## Dataset entries
════════════════════
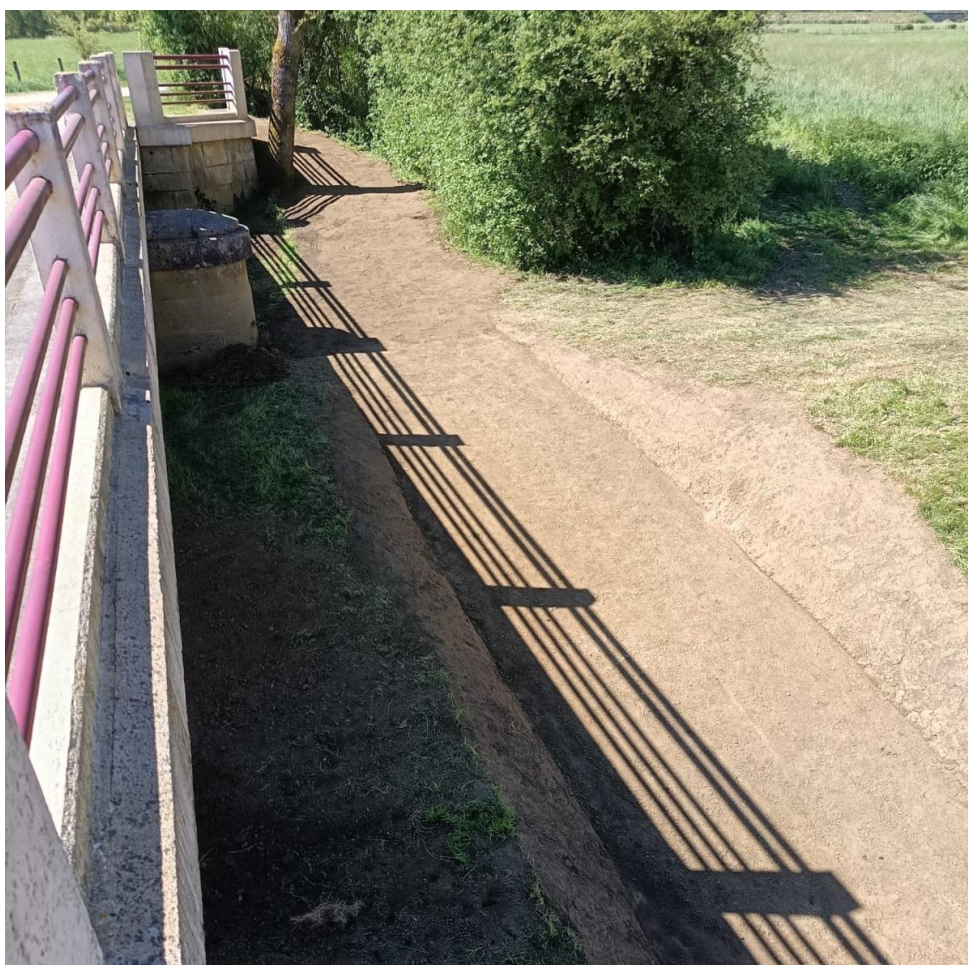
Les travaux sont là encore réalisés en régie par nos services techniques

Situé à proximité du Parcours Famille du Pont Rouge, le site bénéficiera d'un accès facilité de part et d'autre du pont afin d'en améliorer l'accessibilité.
════════════════════
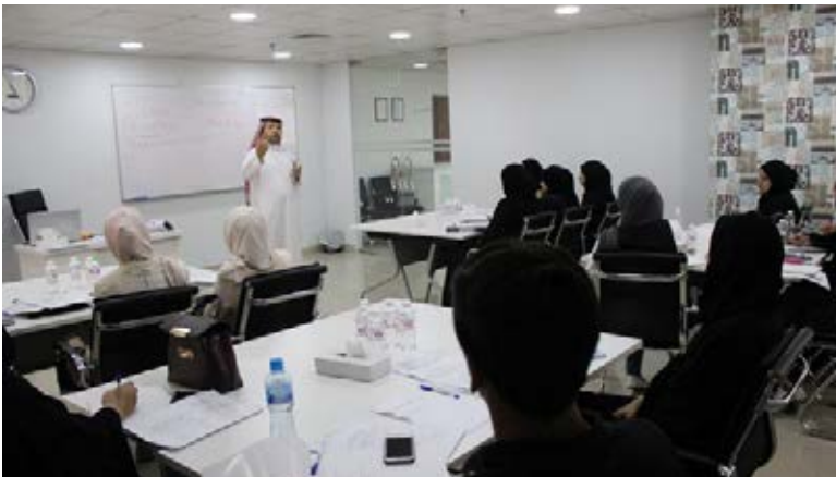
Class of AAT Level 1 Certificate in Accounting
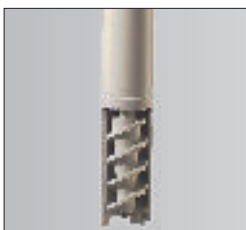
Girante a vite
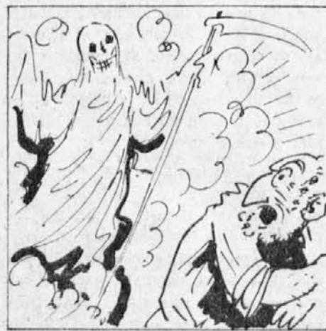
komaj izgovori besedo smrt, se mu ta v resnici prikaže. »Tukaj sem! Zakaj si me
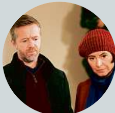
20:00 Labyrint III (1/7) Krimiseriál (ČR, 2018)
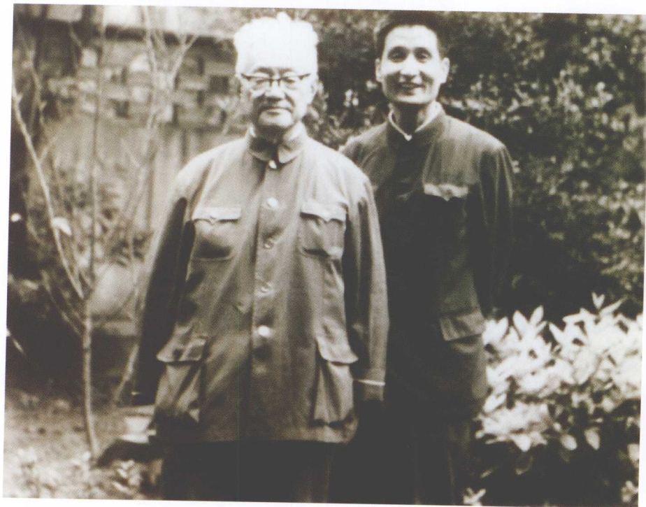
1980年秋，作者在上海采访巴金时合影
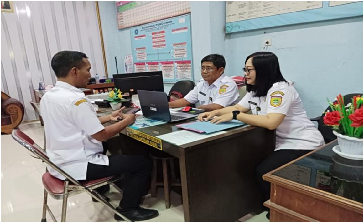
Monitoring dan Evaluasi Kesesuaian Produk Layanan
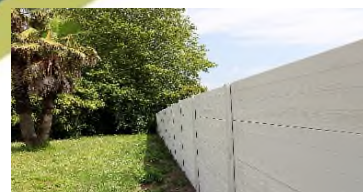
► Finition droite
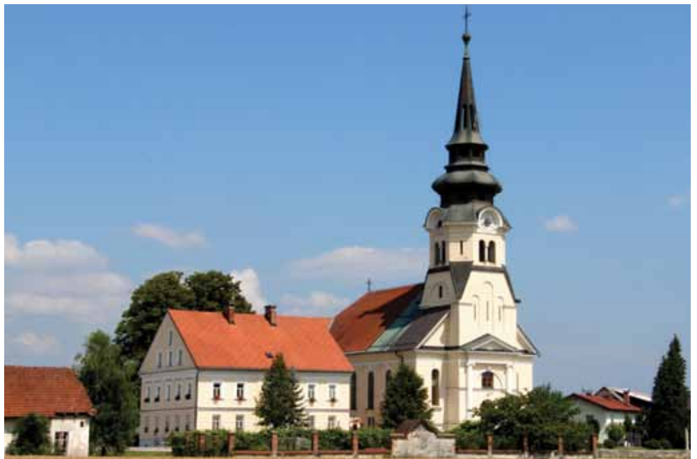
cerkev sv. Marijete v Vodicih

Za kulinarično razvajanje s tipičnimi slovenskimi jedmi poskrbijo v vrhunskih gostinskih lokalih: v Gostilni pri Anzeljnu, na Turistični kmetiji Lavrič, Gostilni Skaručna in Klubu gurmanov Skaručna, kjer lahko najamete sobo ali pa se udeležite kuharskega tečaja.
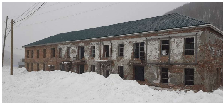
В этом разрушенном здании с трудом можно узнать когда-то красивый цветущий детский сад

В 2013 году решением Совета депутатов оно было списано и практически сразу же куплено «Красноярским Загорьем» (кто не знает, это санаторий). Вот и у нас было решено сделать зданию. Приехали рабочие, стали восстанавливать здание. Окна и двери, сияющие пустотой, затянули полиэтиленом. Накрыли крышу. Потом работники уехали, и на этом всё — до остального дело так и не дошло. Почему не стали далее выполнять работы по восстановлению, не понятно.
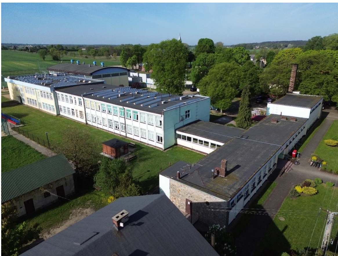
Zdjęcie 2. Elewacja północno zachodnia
════════════════════
## Task goal
What you return must match the lines above from the one with "Class of AAT" through the one with "В этом разрушенном" exactly, with both ends included and the pictures excluded.

## Task answer
Class of AAT Level 1 Certificate in Accounting
Girante a vite
komaj izgovori besedo smrt, se mu ta v resnici prikaže. »Tukaj sem! Zakaj si me
20:00 Labyrint III (1/7) Krimiseriál (ČR, 2018)
1980年秋，作者在上海采访巴金时合影
Monitoring dan Evaluasi Kesesuaian Produk Layanan
► Finition droite
cerkev sv. Marijete v Vodicih

Za kulinarično razvajanje s tipičnimi slovenskimi jedmi poskrbijo v vrhunskih gostinskih lokalih: v Gostilni pri Anzeljnu, na Turistični kmetiji Lavrič, Gostilni Skaručna in Klubu gurmanov Skaručna, kjer lahko najamete sobo ali pa se udeležite kuharskega tečaja.
В этом разрушенном здании с трудом можно узнать когда-то красивый цветущий детский сад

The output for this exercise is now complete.